Amer Fakhoury died in August 2020 at the age of 57 in the United States after suffering from stage 4 lymphoma. His family’s lawsuit says he developed the disease and other serious medical problems while detained during a visit to Lebanon on decades-long allegations of murder and torture, which he denied.


Fakhoury’s imprisonment in 2019 and his release in 2020 put further strain on relations between the United States and Lebanon, which is reeling from one of the world’s worst economic disasters and strained by tensions between Washington and Iran.

Recently, lawyers representing Lebanon’s security agency, the Directorate-General for General Security, asked to intervene in the Fakhoury family’s wrongful death lawsuit in order to remove the allegations against them. Lebanon is not named as a defendant in the lawsuit against Iran.

In its filing, the Lebanese Security Agency claimed the lawsuit falsely accuses it and its director of “serious crimes, including kidnapping, torture, and killing at the direction of or with the help of suspected terrorist organizations.”

In return, the Fakhourys’ lawyer, Robert Tolchin, has asked a judge for permission to formally sue Lebanon along with Iran. In the family’s response, he described Lebanon’s action as “a very strange and unusual request submitted by a non-party person”.

The family’s lawsuit, filed in Washington in May, initially argued it was possible to sue Iran under an exemption from the Foreign Sovereign Immunities Act because it has been described as a “state sponsor of terrorism” since 1984, a dominant political and militant force in Lebanon “Instrument” of Iran.

Iran has yet to respond to the lawsuit. It has ignored other cases filed in American courts after the 1979 Islamic Revolution and the US Embassy hostage crisis. The Iranian mission to the United Nations did not respond to a request for comment.

Similar lawsuits against Iran have won financial judgments, although obtaining a payout can be complicated. Any award could come from the United States Victims of State Sponsored Terrorism Fund, which has distributed funds to those held and/or affected by the hostage crisis.

Referring to Lebanon, Tolchin said that without the allegations against the Lebanese Security Agency, the Fakhourys’ lawsuit would make no sense.

“We interpret that as a waiver of sovereign immunity,” he told The Associated Press of the agency’s request. “You can’t come in and ask for positive relief on the matter and at the same time claim to be immune.”

In a statement to The AP, a lawyer for the agency, David Lin, said the Fakhourys’ position “that Lebanon or our client somehow waived sovereign immunity by attempting to remove unsubstantiated material from the complaint is confusing and.” legally incorrect.”

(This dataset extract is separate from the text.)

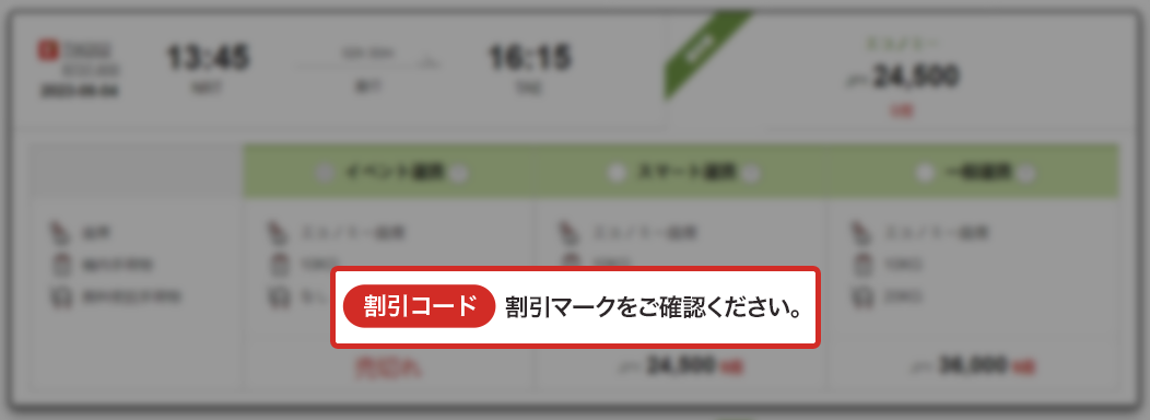 - 一部期間および運賃には割引コードがご利用できない場合がございます。

The agency’s lawyers have a deadline on Wednesday to respond to the fakhoury’s lawsuit motion.

Mary Ellen O’Connell, a professor at Notre Dame Law School, said it could be difficult to bring a case against Lebanon that isn’t identified as a “state sponsor of terrorism.”

“If you don’t have that list, it will be difficult to track Lebanon, unlike Iran,” she said.

O’Connell also said that a move like Lebanon’s to scrap the allegations “won’t normally be accepted by the courts as a waiver” of sovereign immunity.

Fakhoury’s detention in Lebanon took place in September 2019, shortly after he became a US citizen. Fakhoury visited his home country on holiday for the first time in almost 20 years. A week after his arrival, he was detained and his passport confiscated, his family said.

The day before his arrest, a newspaper affiliated with the Iran-backed Shia group Hezbollah published an article accusing him of playing a role in torturing and killing inmates at a prison run by an Israel-backed one Lebanese militia was led during the Israeli occupation of Lebanon two decades ago. Fakhoury was a member of the South Lebanon Army.

The article called him the “butcher” of the Khiam detention center, which was notorious for human rights abuses. Fakhoury’s family said he worked as a member of the prison’s militia, but that he was a clerk with little contact with inmates. When Israel withdrew from Lebanon in 2000, Fakhoury, like many other militiamen, left the country for fear of reprisals.

After returning to Lebanon in 2019, Fakhoury was held for five months before being formally charged, his family said. By then he had lost more than 60 pounds, was suffering from lymphoma and had broken ribs, among other serious health problems, they said.

In its request for intervention, the security agency said Fakhoury was not abducted but was “lawfully detained” for investigation purposes and then “handed over” to another agency responsible for prosecuting the alleged crimes. It called the allegations “scandalous, outrageous and highly damaging”.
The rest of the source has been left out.